В полной тишине он перешагнул комингс, зачем-то аккуратно плотно затворил за спиной дверь, будто припоминая что-то, и длинно огляделся. Тут было почти темно. Утро только занималось, а здесь, в отличие от ходовой рубки, был один и маленький, вроде окошечка в дачном сортире, иллюминатор в борту слева от двери, то есть справа, если смотреть в нос. Ну да, подумал он, оценивающе приглядываясь к шкафчику темного дерева на противоположной переборке. Именно, значит, справа как принято у моряков. Все по ходу корабля, идущего вперед, оставляющего пройденные мили за кормой. Как прошлое… А голова-то как болит, Господи, Боже мой… Он протянул руку, дотронулся до холодной ручки-ключика и рывком отдернул дверцу шкафа.
Правильно. Ничего нет. И быть не может ничего, кроме застоявшегося, как в пустом заброшенном аквариуме, унылого кислого духа нежилья и каких-то смутно поблескивающих ошметков минувших дат. То ли песок ненужных лет, то ли крючки для брошенной одежды.

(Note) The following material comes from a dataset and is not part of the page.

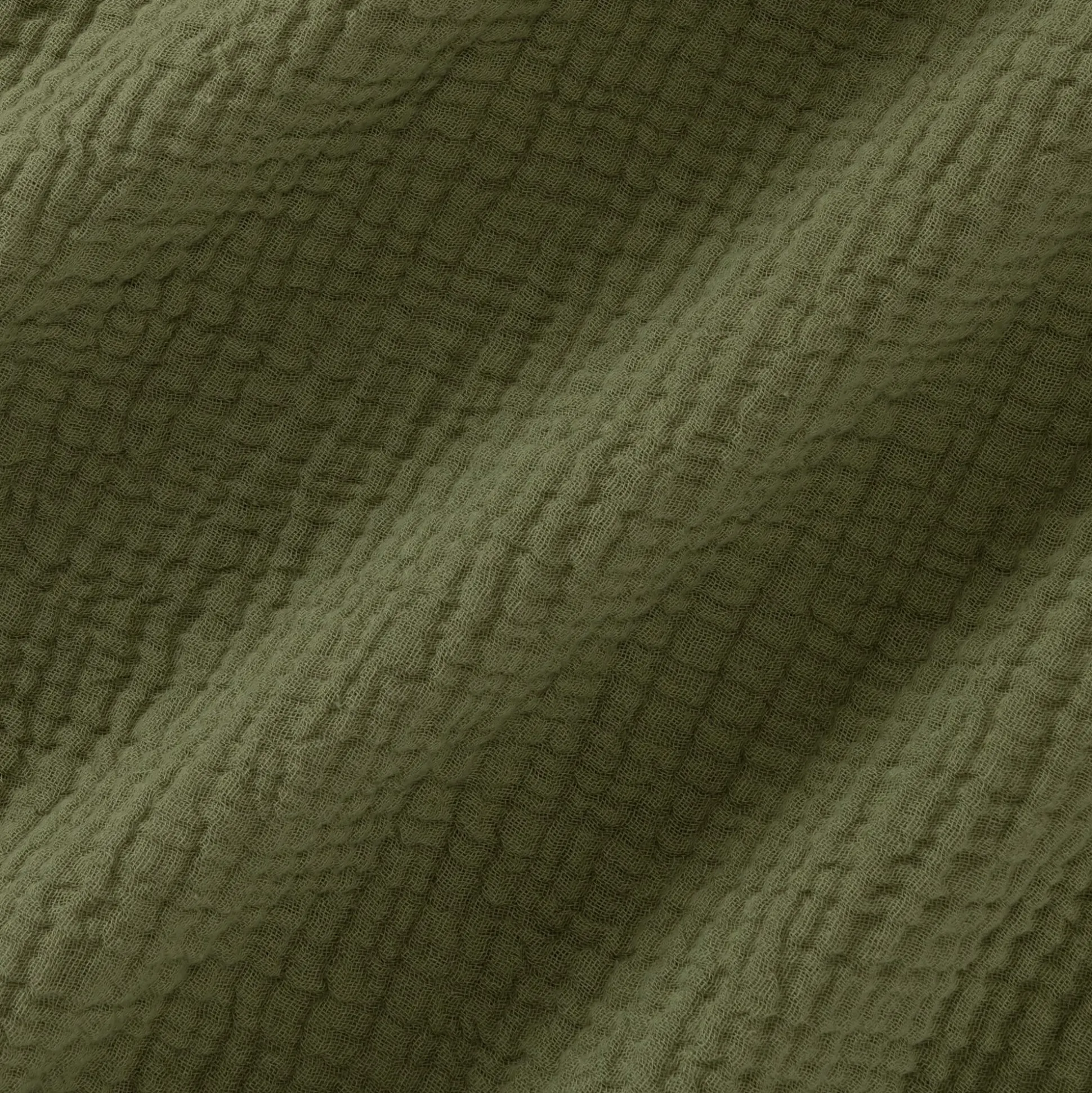 Aménagez une chambre chaleureuse et agréable à vivre avec la parure de lit Baleti. Confectionnée en double gaze de coton, cette parure verte arbore une texture froissée, à la fois charmante et très pratique d’entretien. La double gaze vient apporter une touche de confort sans pareil à votre lit, tissu doux et réconfortant que l’on ne se lasse pas de toucher. Cette parure unie se compose d’une grande housse de couette de 260×240 cm. Celle-ci s’accompagne de deux taies d’oreiller assorties de 63×63 cm. Un ensemble élégant, à la fois chic et bohème, qui apporte à la chambre charme et caractère.

За дверью, в ходовой рубке, что-то вопросительно сказал Сэнди — вроде о нем. А может, об утренней жратве. Чего-то рассудительно пробубнил после паузы старшина в ответ. Но где же та дверь? Дверь… Спокойно. Дверь куда? В сон? Хорош сон — котелок едва не треснул. Ох-хх-хо-хо…
Но разве он не был прав? Он, тогда совсем мальчишка, свято выполнил долг коммуниста, большевика, и не важно, что по возрасту он еще не был членом партии. Зато была вера! Душа! Преданность идее. А идея… Нет и не было никогда во всей истории мира идеи прекрасней, светлей и лучезарней. Потому и отнес дневники, записи и черновики отца туда, куда должен был отнести… Стоп!
Была? Вера, душа, идея — была? А случись такое сейчас — не отнес бы?
Нет. Не отнес бы. А сам отвел бы автора и владельца сих бумаг. И правоту его доказывает эта вот страшенная война, в которой он посильно, в меру своих малых сил и возможностей, сражается. Битва идет не немцев с русскими. Идет битва с врагами коммунизма и светлого будущего мира. Вот так. И истинно так.
Он ведь маленько заглянул тогда в те бумаги. Мракобесие, завораживающий страх и опасная черная дурость. Множественность миров, святая неприкосновенность вечной души, единение и духовное братство против — не сказать, но и помыслить жутко! — против якобы опутывающей разум, затмевающей совесть, вытравливающей божественную сущность Идеи! Божественную — слово-то какое. В двадцатом-то веке. Мало того. Единомышленники. Единоверцы. Имена, мнения, предложения, собрания-встречи. А это уже называется — как? Правильно. Организация — вот что это такое. И против кого? Чего? Против великой Идеи — и… Да, не обманывай себя! — и против Него, против Вождя. Против всего того, что он, солдат армии большевиков и большевик Кузьменко, принял всем сердцем, чем жил и за что всегда готов погибнуть в любом, самом лютом, бою.
Жил… Жил?
Задумавшись, он медленно опустился в то самое кресло за столом. Кхм… А пистолет-то фрицев так и лежит, как лежал. Роскошный, великолепный «вальтер». Хромировочка, правда, местами крепко помутнела от сырости и времени, а так — машинка заглядение. Кажется, морячки-разведчики, бывшие у них на аэродроме в ноябрьские праздники, рассказывали, что фрицевские офицеры такие вот игрушки специально себе сами покупают, за собственные денежки, для форсу. Страна, народ ихний воюет, а они такие вот пукалки за марки свои поганые покупают. Вот оно и есть — их нутро и суть…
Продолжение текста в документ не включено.